演劇公演「soda city funk」
(200 年をたがやす:舞台分野)
2021.08.14 – 09.20
祭りと民俗芸能の空白期間が生んだ演劇作品
生活と表現が交わる広場としての展覧会「200 年をたがやす」の一環として、8 月14 日(土)より秋田の祭りや民俗芸能のリサーチをもとに創作した演劇作品「soda city funk」(作・演出:児玉絵梨奈)を、秋田市文化創造館で上演します。
2020 年7 月に東京から秋田に移住した児玉は、コロナ禍により普段のくらしが一変した秋田各地の取材を敢行。その土地に暮らす人々が営む祭りや民俗芸能をリサーチしながら、生活と信仰、祭りの関係性を明らかにし、その関係性を俳優という他者によって再現可能とする演劇作品を創作できないか。そんな仮説をもって、2021 年1 月から竿燈、秋田万歳、ナマハゲ、西馬音内盆踊り等、県内20 カ所を取材しました。

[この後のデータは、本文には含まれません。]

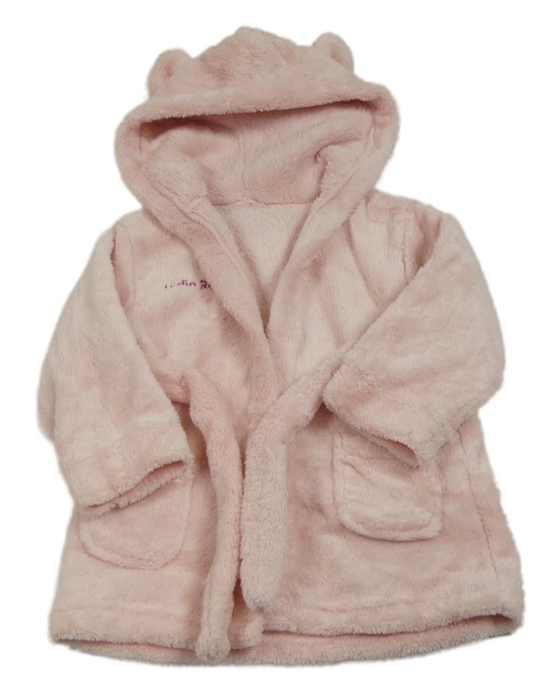 Svetloružový chlpatý župan s nápisom a kapucňou

取材を通じて聞き取った祭りや民俗芸能に携わる者の日常。普段のくらしの中で繰り返される練習の密度と、その積み重ねによって得られる幸福感や神様が降りてくるという超日常的な感覚に圧倒された児玉。リアルな祭りや民俗芸能をリサーチしようとする児玉と、コロナ禍によって祭りや民俗芸能の練習や発表が制限された非日常に暮らす担い手たちの《歪み》ともいえる関係性の上に、本作「soda city funk」が立ち上がります。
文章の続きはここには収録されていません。